In this post-season, the Dodgers and he Tigers had the most of these starts, 7 each, and the Cardinals had 6. Individual leaders were the Dodgers’ Zack Greinke and Clayton Kershaw, Justin Verlander of the Tigers and Adam Wainwright of the Cardinals, each with three.
Verlander and his fellow Detroit starters went even further in their dazzling performances. In three successive starts over two series, they pitched a significant number of hitless innings.
In Game 5 of the division series at Oakland, Verlander didn’t permit a hit until two were out in the seventh inning. In Game 2 of the league series in Boston, Max Scherzer held the Red Sox hitless until he had two out in the sixth.
In between those two starts, Anibal Sanchez pitched six hitless innings against Boston in the opener of the league series. However, Sanchez had thrown 116 pitches, walking six and striking out 12, and manager Jim Leyland took him out.
Three relievers held the Red Sox hitless in the seventh and eighth innings, but Daniel Nava singled to center field against Joaquin Benoit, the Detroit closer, with one out in the ninth.
Jim Leyland, the Tigers’ manager, found those games more enjoyable than the ones the Tigers subjected him to in the 2005 World Series.
“I haven’t seen anything like it,” Leyland lamented.
Verlander made two of the five errors the pitching staff committed, and he was joined by Todd Jones, Joel Zumay and Fernando Rodney in making costly mistakes that contributed to seven costly unearned runs.
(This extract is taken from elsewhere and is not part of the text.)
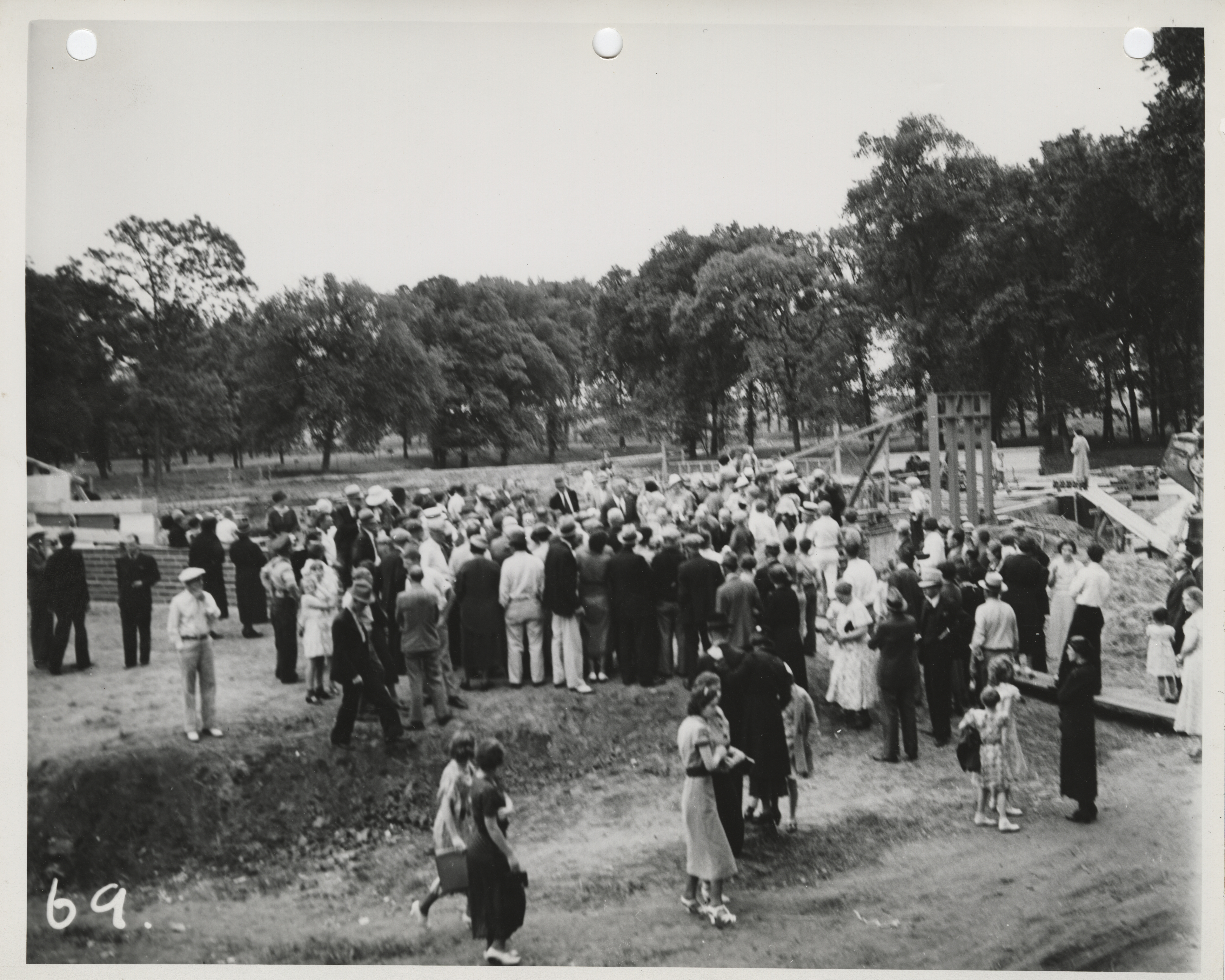 Photograph of group of people gathered during the dedication of bathhouse and shelter house in Riverview Park Item Info
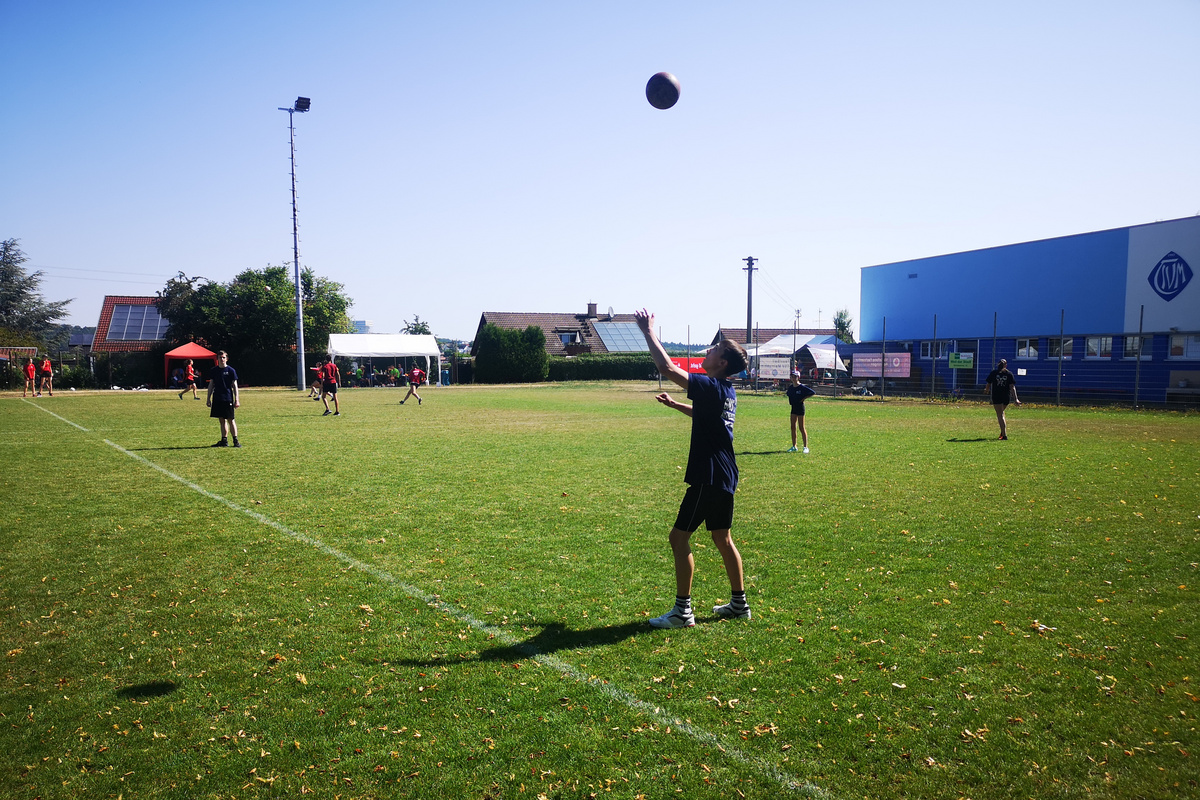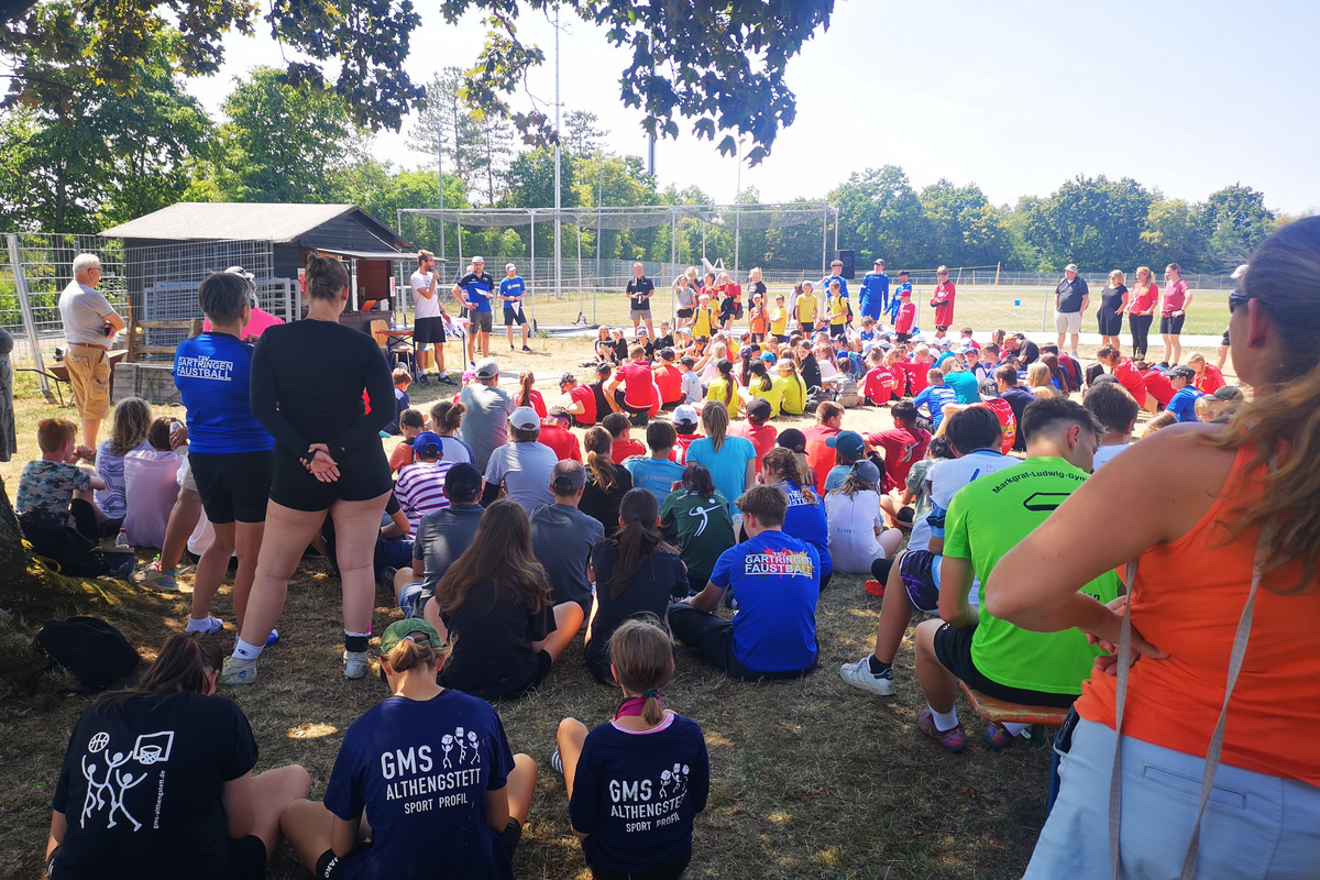 Am 23.07.2022 nahmen zwei Teams der Gemeinschaftsschule Althengstett an den 33. Schulmeisterschaften im Faustball teil, das vom TV Unterhaugstett in Kooperation mit dem Schwäbischen Turnerbund (STB) und dem Badischen Turnerbund (BTB) ausgerichtet wurde. Ganz im Sinne des Gemeinschaftsgedankens waren unsere Teams aus unterschiedlichen Klassenstufen sowie unterschiedlichen Leistungsniveaus zusammengestellt. Aktive SpielerInnen spielten gemeinsam mit SpielerInnen, die bis vor kurzem noch keine Vorerfahrung im Faustball hatten, ein tolles und erfolgreiches Turnier. Da die GMS Althengstett die einzige Schule war, die eine reine Mädchenmannschaft meldete, wurde unser Mädchenteam zum Schulmeister gekürt. Gleichzeitig musste das Team jedoch bei den Jungen mitspielen. Doch auch hier schlugen sie sich wacker und so freuten sich beide Teams am Ende über bemerkenswerte Plätze 11 und 12 von insgesamt 18 Mannschaften in der Altersklasse K10. Bemerkenswert deshalb, weil sich unsere Teams teilweise mit Mannschaften messen mussten, die schon häufiger an Faustballturnieren teilnahmen und z.T. Nationalspieler in deren Reihen hatten. Neben Urkunden und einem kleinen Pokal dürfen sich die SpielerInnen auch noch über je eine Eintrittskarte zu den Faustball-Weltmeisterschaften in Mannheim freuen.

Four times Detroit pitchers failed to throw to first or third base accurately. By now, Leyland’s staff has learned to throw accurately to home plate.
Before that 2006 debacle, no pitching staff had ever made more than three errors in a World Series. The Tigers beat that mark before Game 4 was over. Pitching staffs on six teams had made three errors, the most recent being the 1997 Florida Marlins, according to Elias.
As far as pitching memories are concerned, you might want to remember Wainwright’s division-series game against Pittsburgh. A 6-1 St. Louis victory, it has been the only complete game pitched in this post-season.
Pitchers aren’t allowed to pitch complete games any more. They aren’t trained to pitch complete games. What would Robin Roberts and Ferguson Jenkins say about that sad state of affairs? A hundred what, they would ask, the term pitch count sounding like a foreign language.
In defeating the Pirates in Game 5 of the division series, Wainwright threw 107 pitches and survived. He didn’t need relief during the game, and he didn’t need a transplant or a transfusion after the game.
Wainwright, as noted earlier, has been one of the leading pitchers in the playoffs, pitching that lone complete game and working seven innings in each of two other starts.
The Cardinals, though, had nothing on the Dodgers. Through Wednesday, the Dodgers had a 2.51 post-season earned run average to the Cardinals’ 2.57. In the American League, the Tigers had a 2.62 e.r.a. while the Red Sox were at 3.18.
Based on pitching, alone the Tigers and either Dodgers or Cardinals would make for a tighter World Series. Nothing, however, has been decided as I write this so I think I’ll let everything play out rather than tell you who’s going to win.